- [Work required] In the entries below, find the line with "Nem, sıcaklık ve" and the line with "中古 宝正 902679". Return those two lines and all lines between them, exactly.

── Given records

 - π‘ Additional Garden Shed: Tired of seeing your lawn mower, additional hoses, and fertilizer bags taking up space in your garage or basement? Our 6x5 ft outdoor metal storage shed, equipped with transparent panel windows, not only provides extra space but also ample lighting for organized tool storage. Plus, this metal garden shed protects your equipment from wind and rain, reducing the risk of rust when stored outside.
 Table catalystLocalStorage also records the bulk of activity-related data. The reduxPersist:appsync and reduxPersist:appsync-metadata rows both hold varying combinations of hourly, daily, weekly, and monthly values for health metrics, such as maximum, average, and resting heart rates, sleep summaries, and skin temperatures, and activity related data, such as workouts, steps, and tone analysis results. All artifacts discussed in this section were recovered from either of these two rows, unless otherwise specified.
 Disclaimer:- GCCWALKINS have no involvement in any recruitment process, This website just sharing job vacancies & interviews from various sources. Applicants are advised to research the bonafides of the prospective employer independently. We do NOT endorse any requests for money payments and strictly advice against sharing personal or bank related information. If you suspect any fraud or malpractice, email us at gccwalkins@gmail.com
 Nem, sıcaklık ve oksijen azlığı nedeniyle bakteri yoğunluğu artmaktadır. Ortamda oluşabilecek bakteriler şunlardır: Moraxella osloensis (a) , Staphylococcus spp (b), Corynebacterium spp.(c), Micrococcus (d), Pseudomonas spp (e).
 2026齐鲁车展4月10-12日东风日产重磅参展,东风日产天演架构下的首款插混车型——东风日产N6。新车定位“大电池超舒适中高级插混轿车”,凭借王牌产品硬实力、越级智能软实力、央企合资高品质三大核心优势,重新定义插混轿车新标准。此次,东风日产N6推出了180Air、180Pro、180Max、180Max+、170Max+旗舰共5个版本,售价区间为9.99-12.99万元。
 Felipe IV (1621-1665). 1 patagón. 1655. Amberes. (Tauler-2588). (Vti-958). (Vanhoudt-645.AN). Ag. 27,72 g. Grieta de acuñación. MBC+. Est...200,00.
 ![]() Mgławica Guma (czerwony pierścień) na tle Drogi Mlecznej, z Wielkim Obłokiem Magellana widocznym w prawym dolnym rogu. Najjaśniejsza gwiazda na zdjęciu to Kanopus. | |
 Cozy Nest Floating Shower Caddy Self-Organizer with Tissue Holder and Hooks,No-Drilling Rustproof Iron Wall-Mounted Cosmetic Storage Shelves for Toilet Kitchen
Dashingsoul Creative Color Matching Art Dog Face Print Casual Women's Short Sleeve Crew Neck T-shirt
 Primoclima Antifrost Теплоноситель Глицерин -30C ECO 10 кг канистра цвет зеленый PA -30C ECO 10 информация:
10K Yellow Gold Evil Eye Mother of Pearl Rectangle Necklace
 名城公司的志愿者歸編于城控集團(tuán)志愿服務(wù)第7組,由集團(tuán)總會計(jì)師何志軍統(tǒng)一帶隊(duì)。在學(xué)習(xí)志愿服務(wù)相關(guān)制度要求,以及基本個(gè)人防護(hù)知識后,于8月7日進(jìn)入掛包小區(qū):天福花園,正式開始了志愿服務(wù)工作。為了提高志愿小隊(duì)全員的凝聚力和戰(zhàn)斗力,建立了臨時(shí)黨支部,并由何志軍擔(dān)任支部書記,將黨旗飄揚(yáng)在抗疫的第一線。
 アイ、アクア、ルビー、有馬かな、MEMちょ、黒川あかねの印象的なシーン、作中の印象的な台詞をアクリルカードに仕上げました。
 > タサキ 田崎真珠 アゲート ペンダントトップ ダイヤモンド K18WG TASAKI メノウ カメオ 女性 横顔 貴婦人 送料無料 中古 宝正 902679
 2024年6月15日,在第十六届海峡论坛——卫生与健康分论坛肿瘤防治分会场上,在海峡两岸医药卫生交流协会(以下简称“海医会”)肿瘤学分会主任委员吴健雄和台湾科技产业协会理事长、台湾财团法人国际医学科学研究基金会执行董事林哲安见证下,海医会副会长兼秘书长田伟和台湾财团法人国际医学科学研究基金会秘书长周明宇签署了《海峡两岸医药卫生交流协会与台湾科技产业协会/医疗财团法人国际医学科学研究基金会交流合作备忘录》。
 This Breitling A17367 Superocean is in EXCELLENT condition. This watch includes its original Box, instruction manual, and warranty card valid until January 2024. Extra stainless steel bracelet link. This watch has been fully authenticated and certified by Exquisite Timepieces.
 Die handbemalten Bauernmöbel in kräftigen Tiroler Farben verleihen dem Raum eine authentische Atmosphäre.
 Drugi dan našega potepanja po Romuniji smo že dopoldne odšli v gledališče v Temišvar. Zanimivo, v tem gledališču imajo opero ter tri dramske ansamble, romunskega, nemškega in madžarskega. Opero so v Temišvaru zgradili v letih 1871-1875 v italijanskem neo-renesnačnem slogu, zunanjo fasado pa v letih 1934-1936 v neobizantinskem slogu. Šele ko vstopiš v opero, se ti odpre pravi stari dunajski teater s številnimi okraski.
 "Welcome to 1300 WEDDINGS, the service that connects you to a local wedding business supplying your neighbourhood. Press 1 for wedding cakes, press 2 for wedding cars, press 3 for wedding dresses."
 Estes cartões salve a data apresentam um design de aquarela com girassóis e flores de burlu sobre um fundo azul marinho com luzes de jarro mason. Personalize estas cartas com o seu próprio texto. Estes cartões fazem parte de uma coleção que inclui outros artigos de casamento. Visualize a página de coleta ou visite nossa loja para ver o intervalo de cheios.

────

- [Response below]
 Nem, sıcaklık ve oksijen azlığı nedeniyle bakteri yoğunluğu artmaktadır. Ortamda oluşabilecek bakteriler şunlardır: Moraxella osloensis (a) , Staphylococcus spp (b), Corynebacterium spp.(c), Micrococcus (d), Pseudomonas spp (e).
 2026齐鲁车展4月10-12日东风日产重磅参展,东风日产天演架构下的首款插混车型——东风日产N6。新车定位“大电池超舒适中高级插混轿车”,凭借王牌产品硬实力、越级智能软实力、央企合资高品质三大核心优势,重新定义插混轿车新标准。此次,东风日产N6推出了180Air、180Pro、180Max、180Max+、170Max+旗舰共5个版本,售价区间为9.99-12.99万元。
 Felipe IV (1621-1665). 1 patagón. 1655. Amberes. (Tauler-2588). (Vti-958). (Vanhoudt-645.AN). Ag. 27,72 g. Grieta de acuñación. MBC+. Est...200,00.
 ![]() Mgławica Guma (czerwony pierścień) na tle Drogi Mlecznej, z Wielkim Obłokiem Magellana widocznym w prawym dolnym rogu. Najjaśniejsza gwiazda na zdjęciu to Kanopus. | |
 Cozy Nest Floating Shower Caddy Self-Organizer with Tissue Holder and Hooks,No-Drilling Rustproof Iron Wall-Mounted Cosmetic Storage Shelves for Toilet Kitchen
Dashingsoul Creative Color Matching Art Dog Face Print Casual Women's Short Sleeve Crew Neck T-shirt
 Primoclima Antifrost Теплоноситель Глицерин -30C ECO 10 кг канистра цвет зеленый PA -30C ECO 10 информация:
10K Yellow Gold Evil Eye Mother of Pearl Rectangle Necklace
 名城公司的志愿者歸編于城控集團(tuán)志愿服務(wù)第7組,由集團(tuán)總會計(jì)師何志軍統(tǒng)一帶隊(duì)。在學(xué)習(xí)志愿服務(wù)相關(guān)制度要求,以及基本個(gè)人防護(hù)知識后,于8月7日進(jìn)入掛包小區(qū):天福花園,正式開始了志愿服務(wù)工作。為了提高志愿小隊(duì)全員的凝聚力和戰(zhàn)斗力,建立了臨時(shí)黨支部,并由何志軍擔(dān)任支部書記,將黨旗飄揚(yáng)在抗疫的第一線。
 アイ、アクア、ルビー、有馬かな、MEMちょ、黒川あかねの印象的なシーン、作中の印象的な台詞をアクリルカードに仕上げました。
 > タサキ 田崎真珠 アゲート ペンダントトップ ダイヤモンド K18WG TASAKI メノウ カメオ 女性 横顔 貴婦人 送料無料 中古 宝正 902679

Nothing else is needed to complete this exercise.